→ **PROBLEM**
The listing below holds a line with "Experience the calm" and a line with "Gelaufen, leicht bestoßen, leicht". Reproduce those two lines exactly, plus everything between them.

→ **STUDY MATERIAL**
>>>
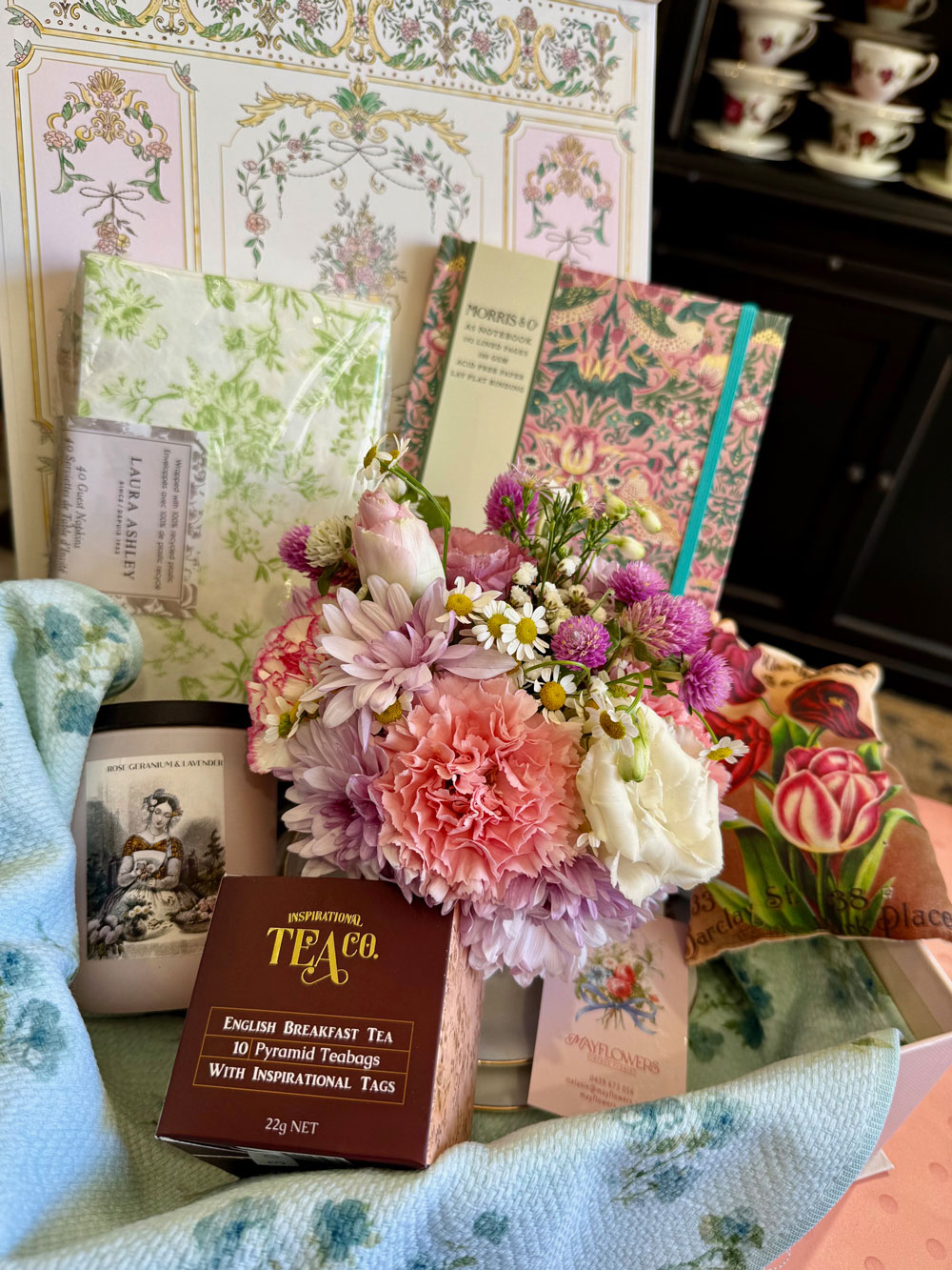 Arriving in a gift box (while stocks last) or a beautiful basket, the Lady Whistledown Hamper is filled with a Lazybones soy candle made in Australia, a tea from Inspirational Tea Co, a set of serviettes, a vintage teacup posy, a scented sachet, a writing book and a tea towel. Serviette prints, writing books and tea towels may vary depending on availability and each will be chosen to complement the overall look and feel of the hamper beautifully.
<<<
>>>
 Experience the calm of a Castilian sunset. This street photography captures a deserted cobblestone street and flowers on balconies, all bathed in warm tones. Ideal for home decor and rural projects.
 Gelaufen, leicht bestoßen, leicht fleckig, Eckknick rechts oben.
<<<
→ **RESPONSE FOR THIS EXERCISE**
 Experience the calm of a Castilian sunset. This street photography captures a deserted cobblestone street and flowers on balconies, all bathed in warm tones. Ideal for home decor and rural projects.
 Gelaufen, leicht bestoßen, leicht fleckig, Eckknick rechts oben.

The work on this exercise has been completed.